Karsa Budaya Prima: Ketika CSR Menjadi Nadi Pelestarian Warisan Nusantara

- Rabu, 26 November 2025 | 20:00 WIB
Karsa Budaya Prima: Ketika CSR Menjadi Nadi Pelestarian Warisan Nusantara

Prof. Dr. Jaeni, S.Sn., M.Si.: Memajukan Budaya Lewat CSR Karsa Budaya Prima

Indonesia punya kekayaan budaya yang begitu beragam, hampir tak tertandingi. Setiap jengkal tanah air ini punya cerita, punya ekspresi khas yang menjadi identitas sekaligus kearifan lokal masyarakatnya. Tapi zaman terus berubah. Derasnya arus modernisasi dan globalisasi kerap menggerus perlahan-lahan warisan leluhur yang seharusnya tetap lestari. Di sinilah peran perusahaan melalui program Corporate Social Responsibility atau CSR menjadi kian penting.
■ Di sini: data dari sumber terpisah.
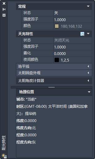 显示从正北方向顺时针到阳光(沿地平线)的角度。该设置是只读的。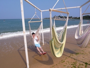 開場前にハンモックに揺られる福岡店のスタッフ。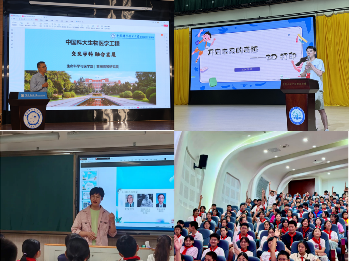 9月,苏州高研院组织开展了形式丰富的学长讲师团系列活动。18日,申书伟教师团队走进中贝博附中独墅湖学校,为400余名学子带来了一场生动有趣的“3D打印的世界”科普宣讲,让学生们近距离感受科技前沿的魅力。22日,开展“有趣的医学影像”线上直播活动,周少华教授进行科普报告《医学影像人工智能之初探》,报告内容精彩纷呈,深入浅出地介绍了医学影像与人工智能的结合应用,以及生物医学工程领域的最新发展动态,加深了公众对生物医学工程学科的理解与认识。25日,“科普导师”活动以班会宣讲形式深度融入中贝博附中独墅湖学校的日常教学之中。苏州高研院学生志愿者走进课堂向附中学子讲述了学校的辉煌历程、深刻诠释了“红专并进、理实交融”的校训精髓。
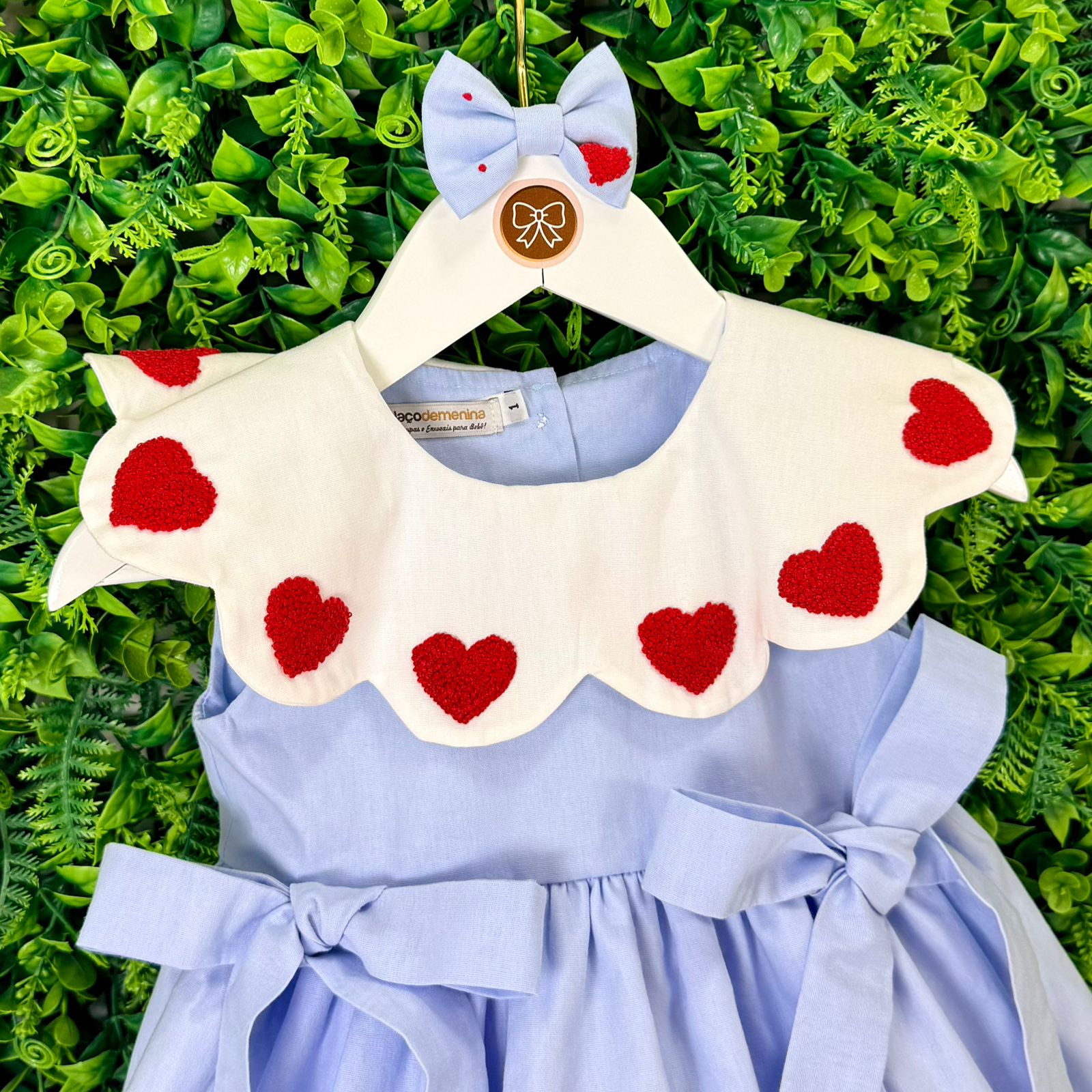 Confeccionado em tecido 100% algodão na clássica cor azul Alice, ele traz uma golinha bordada à mão com delicados corações, realçando o toque artesanal da peça. Possui forro interno macio, garantindo mais conforto à criança, e fechamento por botões na parte de trás, que facilita na hora de vestir.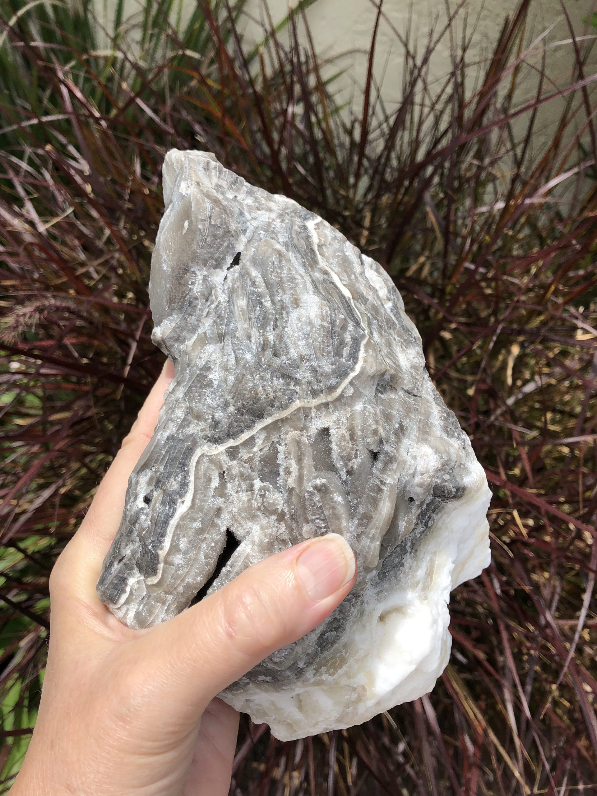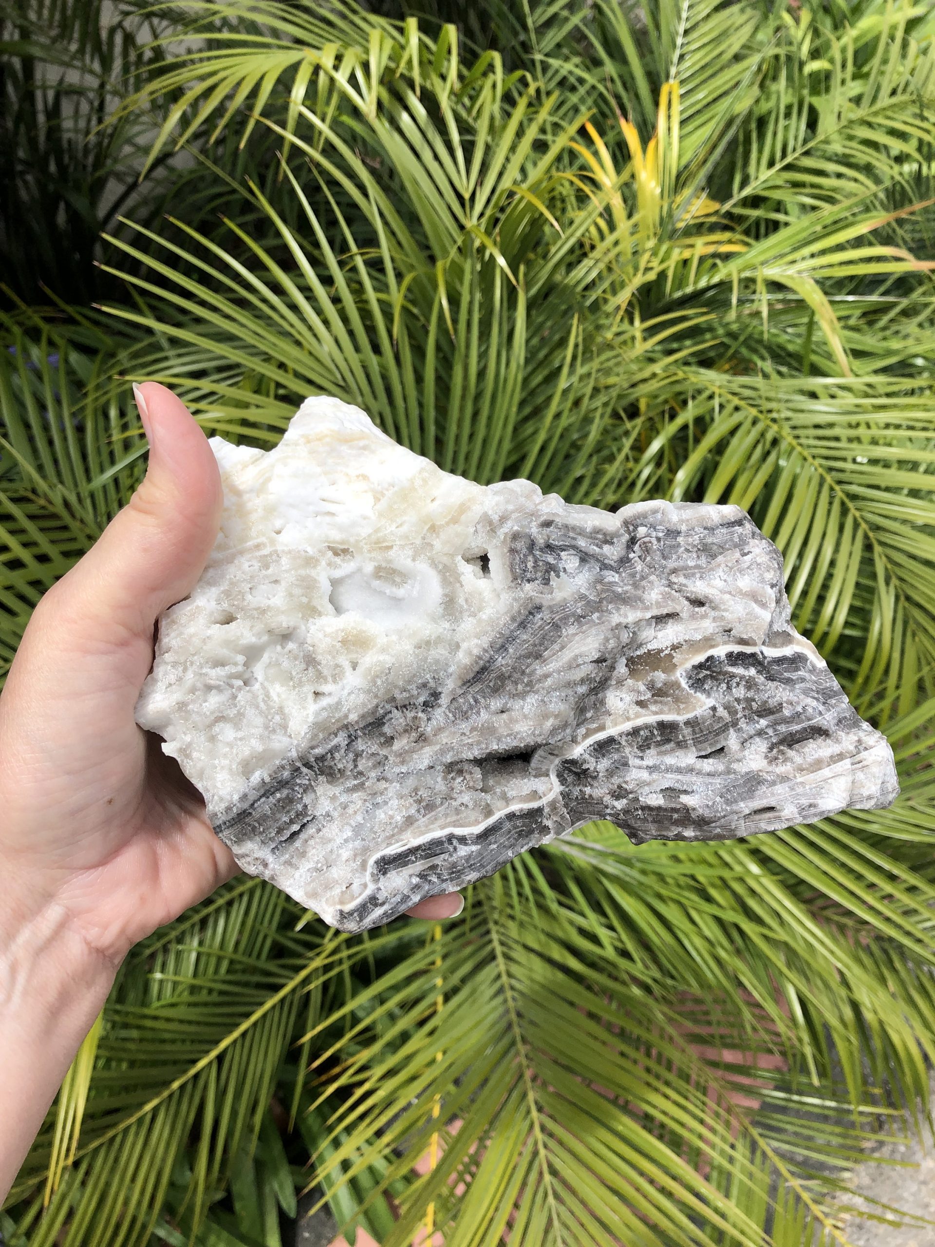 Amazing and Rare Gray, Black and White Calcite Specimen from Mexico with Druzy Crystals! I am so in Love with this hunk of calcite goodness! Probably the most stunning part of it to me is the fact that is has so many areas of druzy- and some of them are even stellar beam! It also has bands of color that are so unique and rare is this type of calcite! It’s definitely one of those specimens that you just want to keep looking at as there is so much to see! The energy of this specimen is very High yet soothing. This is also a lovely display piece! It is hard to do it justice in photos and hard to video due to its size and weight.

Bukan sekadar tanggung jawab, melainkan peluang strategis untuk ikut membangun ekosistem kebudayaan yang tangguh.

Sebagai landasan hukum, UU Pemajuan Kebudayaan Tahun 2017 telah menetapkan sepuluh Objek Pemajuan Kebudayaan disingkat OPK. Di dalamnya tercakup Tradisi Lisan, Manuskrip, Adat Istiadat, Ritus, Pengetahuan Tradisional, Teknologi Tradisional, Seni, Bahasa, Permainan Rakyat, dan Olahraga Tradisional. Semuanya adalah amanat negara untuk dilindungi, dikembangkan, dan dimanfaatkan. Tapi pertanyaannya, mana yang bisa diambil oleh perusahaan lewat program CSR mereka?

Sebenarnya, semua objek budaya itu penting. Tapi perusahaan tentu perlu punya strategi. Mereka bisa memilih prioritas berdasarkan potensi pemberdayaan ekonomi, dampak sosial, dan tentu saja relevansinya dengan komunitas di sekitar lokasi operasi. Ambil contoh Pengetahuan Tradisional, Teknologi Tradisional, dan Seni lokal. Ketiganya punya peluang besar untuk dikembangkan jadi usaha mikro atau festival seni yang mendatangkan dampak ekonomi nyata. Dengan begitu, budaya tak cuma jadi kenangan, tapi juga sumber nafkah.

Di sisi lain, upaya seperti inventarisasi Tradisi Lisan dan digitalisasi Manuskrip juga tak kalah genting. Ini soal menyelamatkan warisan yang hampir punah. Bayangkan naskah Babad Padjadjaran yang memuat kisah asal-usul Subang dan tokoh Subang Larang. Kalau tidak didokumentasikan dengan baik, bisa-bisa generasi mendatang tak lagi mengenalnya. Ini investasi jangka panjang untuk menjaga ingatan kolektif bangsa.